Após meses de incerteza e más notícias, alguns cientistas relutam em reconhecer o que podem ser boas novas. Reportagem do El País revela que durante as primeiras semanas da pandemia, estimava-se que seria necessário que cerca de 60% de uma população fosse contaminada para que se alcançasse a imunidade coletiva.
Três estudos feitos na Espanha para estimar quantas pessoas tinham contraído o coronavírus, entretanto, mostravam que em média essa cifra não passava de 5% da população, mas com grandes variações regionais – de 1,2% na província de Cádiz (sul) até 14% em Soria (norte).
A esperança parecia longínqua, e facilitar o contágio para alcançar essa proteção seria loucura. Com o passar do tempo, entretanto, acumulou-se informação que sugere que a proporção da população protegida contra o coronavírus ou pelo menos contra infecções mais graves é maior que refletida nos exames de anticorpos. Os especialistas, porém, não querem que esta informação seja vista como um incentivo para relaxar as medidas profiláticas.
“Estamos convivendo com os coronavírus há muitíssimo tempo. A maior parte deles provoca quadros respiratórios leves [como os resfriados], e outros, mais graves, como a SARS ou a MERS”, diz Juan Pablo Horcajada, chefe do Serviço de Doenças Infecciosas do Hospital del Mar, de Barcelona.
Quatro coronavírus causam cerca de 25% dos resfriados, e “é sabido que quando há uma infecção por um vírus da mesma família pode haver reatividade cruzada e é possível que o sistema imunológico gere anticorpos parecidos com os que neutralizam o outro vírus”, prossegue o especialista.
“Algo que não sabemos ainda é se esses anticorpos têm capacidade para proteger, ou em que medida”, observa.
Um estudo publicado recentemente na revista Science calculava que pelo menos 20% e talvez até 50% da população que nunca sofreu uma infecção pelo SARS-CoV-2 tem algum tipo de proteção celular contra ele, gerada, provavelmente, por um contato prévio com algum dos quatro tipos de coronavírus que provocam os resfriados.
RESFRIADOS X CORONAVÍRUS
Um dos fatores que fariam os coronavírus dos resfriados servirem de treinamento contra o novo coronavírus é que eles compartilham uma proteína em forma de agulha que serve para colonizar as células de seus hospedeiros.
Essa espícula está sendo empregada pelos laboratórios que desenvolvem alguns dos candidatos à vacina contra a Covid, pois é visto como um alvo contra o qual gerar uma reação imunológica que evite a infecção.
Mais difícil de explicar é o motivo das diferenças no número de contágios entre as diversas regiões da Espanha, um país onde, em princípio, as políticas e os hábitos culturais não parecem tão heterogêneos.
“Faria sentido para mim que houvesse mais proteção no norte da Espanha [uma região mais fria e úmida], porque pensaria que há mais resfriados, mas não é o que vemos”, especula Juan.

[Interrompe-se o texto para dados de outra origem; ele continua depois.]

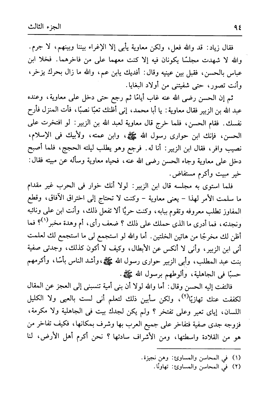 فَالْتَفت إِلَيْهِ الْحسن وَقَالَ أما وَالله لَوْلَا أَن بني أُميَّة تنسبني إِلَى الْعَجز عَن الْمقَال لكففت عَنْك تهازيَاً وَلَكِن سأبين ذَلِك لتعلم أَنِّي لست بالعي وَلَا الكليل اللِّسَان إيَّايَ تعير وَعلي تفتخر وَلم يكن لجدك بَيت فِي الْجَاهِلِيَّة وَلَا مكرمَة فَزَوجهُ جدي صَفِيَّة فتفاخر على جَمِيع الْعَرَب بهَا وَشرف بمكانتها فَكيف تفاخر من هُوَ من القلادة واسطتها وَمن الْأَشْرَاف سادتها نَحن أكْرم أهل الأَرْض لنا

Jesus Rodríguez Baño, chefe de doenças infecciosas do hospital Virgen Macarena, em Sevilha, também considera que faz sentido a hipótese de que haja pessoas protegidas contra o coronavírus graças a um contato prévio com certos patogênicos, embora alerte que será preciso esperar uma confirmação epidemiológica dos dados vistos nos trabalhos em laboratório.
“Com a gripe acontece algo assim, há certo grau de imunidade depois de se contagiar com vírus similares da gripe”, afirma Rodríguez Baño. Porém, ressalta que o próprio fato de este vírus ter provocado uma pandemia de grandes dimensões sugere que esta proteção “não é algo generalizado”.
Conhecer a situação imunológica da população pode ajudar a revelar muitos dos mistérios que ainda persistem sobre o impacto desigual do coronavírus, mas medir a imunidade real, independentemente da geração de anticorpos, é algo que exige exames que atualmente são caros e difíceis de fazer.